Personal information
- Born: December 1, 1990 (age 35) Budapest, Hungary
- Home town: Budapest

Darts information
- Darts: 22g Glen Durrant
- Laterality: Right-handed
- Walk-on music: "Rock This Party" by Bob Sinclar

Organisation (see split in darts)
- BDO: 2010–2016
- PDC: 2016–2019, 2022
- WDF: 2020–

Other tournament wins
| Hungarian Classic | 2019 |

Medal record
Men's Darts
Representing Hungary
IDF World Ch'ship
| Silver medal – second place | 2011 Benidorm | Men's singles |
EDU European Ch'ship
| Gold medal – first place | 2015 Poreč | Men's singles |

= János Végső =

Hungarian darts player

János Végső (born 1 December 1990) is a Hungarian darts player who plays in Professional Darts Corporation events.
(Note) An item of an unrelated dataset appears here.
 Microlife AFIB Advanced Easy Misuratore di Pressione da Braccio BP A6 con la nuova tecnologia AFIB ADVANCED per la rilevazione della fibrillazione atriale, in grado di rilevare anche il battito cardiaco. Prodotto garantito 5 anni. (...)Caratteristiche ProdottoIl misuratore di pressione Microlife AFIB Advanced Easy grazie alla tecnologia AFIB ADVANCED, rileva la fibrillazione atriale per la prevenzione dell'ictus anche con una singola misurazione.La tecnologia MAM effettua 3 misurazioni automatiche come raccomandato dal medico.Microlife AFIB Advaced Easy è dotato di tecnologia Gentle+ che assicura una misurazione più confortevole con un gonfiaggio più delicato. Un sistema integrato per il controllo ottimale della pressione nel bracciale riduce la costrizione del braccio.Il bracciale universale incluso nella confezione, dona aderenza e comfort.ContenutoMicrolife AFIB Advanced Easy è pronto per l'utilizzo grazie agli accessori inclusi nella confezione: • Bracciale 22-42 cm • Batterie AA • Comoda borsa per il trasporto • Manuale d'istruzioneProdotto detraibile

In 2016, he made his PDC European Tour debut at the 2016 European Darts Trophy and the 2016 German Darts Championship, losing in the first round to Martin Schindler and Darren Johnson respectively.
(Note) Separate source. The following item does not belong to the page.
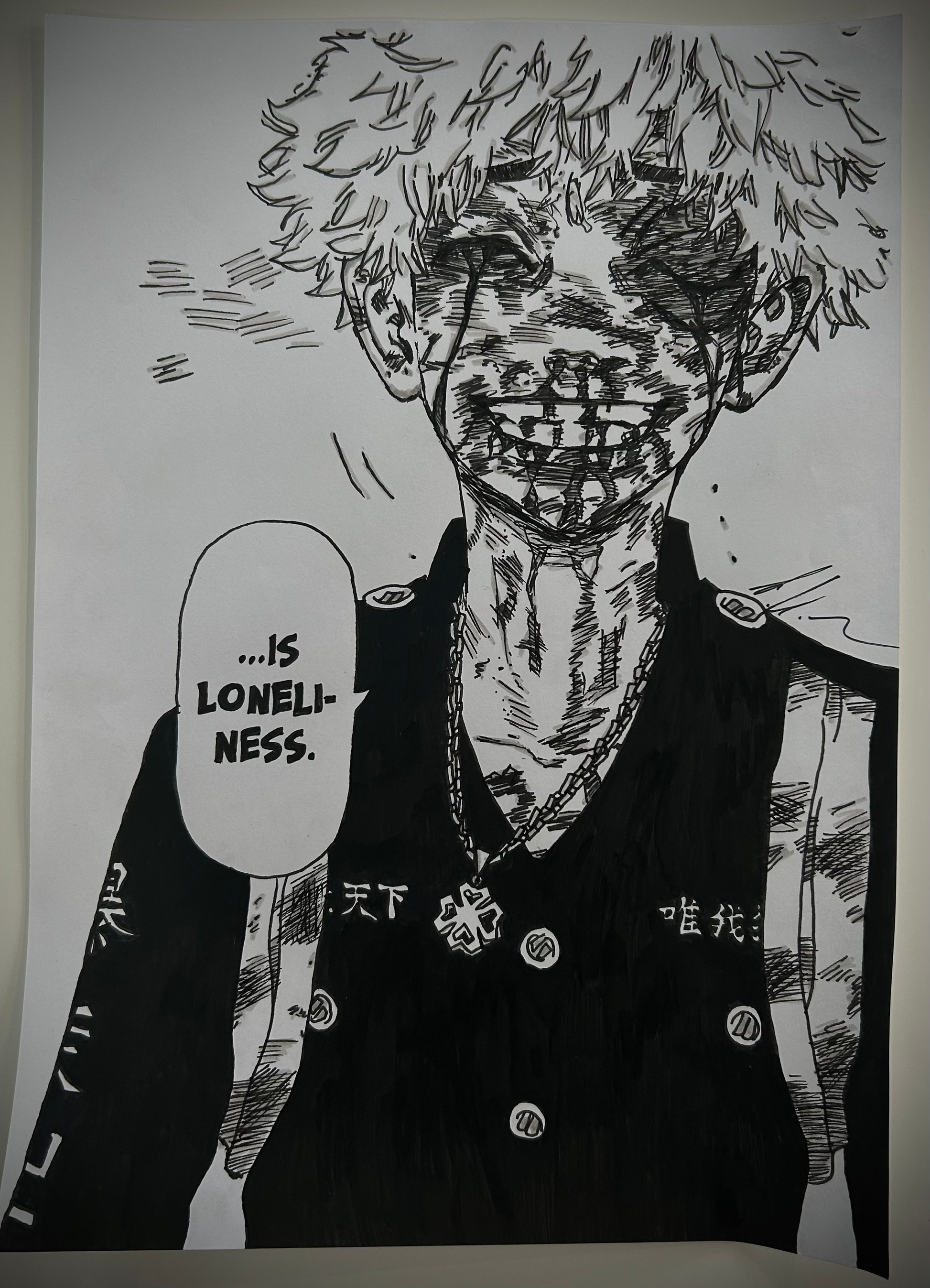 Das Motiv zeigt eine Figur im Manga-Stil mit starkem Ausdruck und detaillierter Schattierung. Die Linienführung ist bewusst dynamisch und kontrastreich gehalten.

In 2017, he made his television debut in the 2017 PDC World Cup of Darts, partnering Zoltán Mester, but they lost in the first round to John Part and John Norman Jnr of Canada. In 2019, he returned to the World Cup with his new partner Pál Székely, but they again lost in the first round, this time to Max Hopp and Martin Schindler of Germany.